Journal of Neuro-oncology | 2002
Chitra Sarkar; Pulakesh Pramanik; Asis Kumar Karak; Partho Mukhopadhyay; Mehar Chand Sharma; Varindera Paul Singh; Veer Singh Mehta
Childhood medulloblastomas have been suspected to be biologically different from adult tumors, though comparative studies are sparse in the literature. The present study aims to establish any differences or nexus in the biological characteristics between childhood and adult medulloblastomas. A total of 181 medulloblastomas were studied with respect to clinical and histological characteristics, MIB-1 labeling index (MIB-1 LI), apoptotic index (AI), ratio of apoptotic to LI, p53 and Bcl-2 protein expressions. Two-thirds (112) of the 181 medulloblastomas occurred in children (≤15 years) and 69 in adults (>15 years). Childhood tumors were more commonly of classical histology and midline location while the desmoplastic variant and lateral location occurred more frequently in adults.
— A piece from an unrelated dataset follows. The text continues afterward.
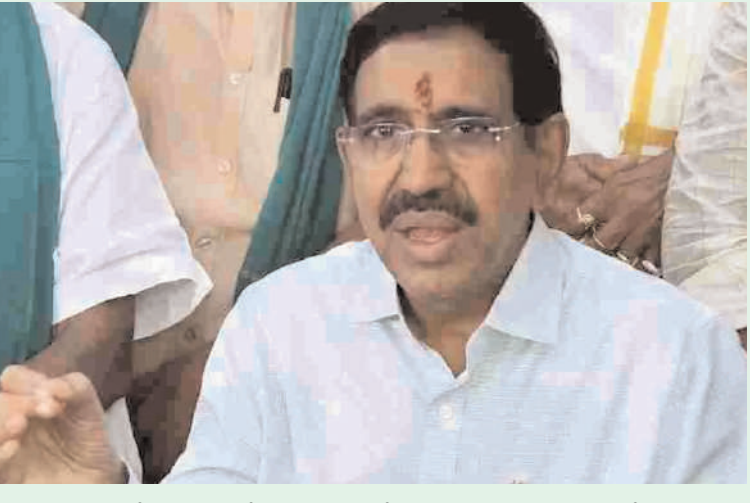
చెప్పారు. బుడమేరు మూడో గండిని పూర్ణేందుకు సైన్యం రంగంలోకి దిగిందని తెలిపారు. మరో 24 గంటల్లో పారిశుద్ధం పనులు కూడా పూర్తయ్యేలా ప్రభుత్వం చర్యలు తీసుకుంటోందని చెప్పారు.

అక్షర విజేత, విజయవాడ విజయవాడలో ముమ్మరంగా కొనసాగుతున్న సహాయక చర్యలు యాపిల్స్, బిస్కెట్లు, పాలు, వాటర్ బాటిల్స్ తో కూడిన ప్యాకెట్లు పంపిణీ చేస్తున్నామన్న నారాయణబుడమేరు మూడో గండిని పూర్ణేందుకు సైన్యం రంగంలోకి దిగిందని వెల్లడివిజయవాడ ఇన్ఫర్మేషన్ కోలుకుంటోంది. వరద బాధితులకు సహాయక చర్యలు ముమ్మరంగా కొనసాగుతున్నాయి. బాధితుల కోసం పలు రకాల ఆహార పదార్థాలతో రాష్ట్ర ప్రభుత్వం ప్యాకెట్లు తయారు చేయించి పంపిణీ చేయిస్తోంది. ప్యాకింగ్, పంపిణీ తీరును మున్సిపల్ శాఖ మంత్రి నారాయణ పరిశీలించారు. ఈ సందర్భంగా మీడియాతో నారాయణ మాట్లాడుతూ... ఒక్కో ప్యాకెట్ లో 6 యాపిల్స్, 6 బిస్కెట్ల ప్యాకెట్లు, 2 లీటర్ల పాల ప్యాకెట్లు, 3 నూడిల్స్ ప్యాకెట్లు, 2 లీటర్ల వాటర్ బాటిల్స్ ఉన్నాయని తెలిపారు. నిత్యావసర సరుకులతో కూడిన కిట్లను కూడా అందిస్తామని

Adult medulloblastomas were biologically less aggressive, having lower growth rate parameters (mean MIB-1 LI 19.1 ± 15.7; AI 3.73 ± 2.71 and AI : LI 0.207 ± 0.162) as compared to childhood tumors (mean MIB-1 LI 28.3 ± 20.4; AI 2.86 ± 2.14 and AI : LI 0.108 ± 0.111). p53 and Bcl-2 protein expressions were infrequent in all groups of tumors. No difference was noted in any of the parameters when classical and desmoplastic medulloblastomas were compared as a whole. But when compared between the age groups, an interesting observation (hitherto unreported in English literature) was that both classical and desmoplastic variants of childhood medulloblastomas had higher LI, lower AI and lower AI : LI ratio than their counterparts in adults, indicating that differences in growth rates cannot be attributed to differences in the frequency of occurrence of the histological variants in the two age groups. Thus, this study conclusively shows that there is a biological difference between childhood and adult medulloblastomas which is independent of standard histology and appeared to be associated more with age-related factors. This also warrants less-aggressive therapy for adult medulloblastoma.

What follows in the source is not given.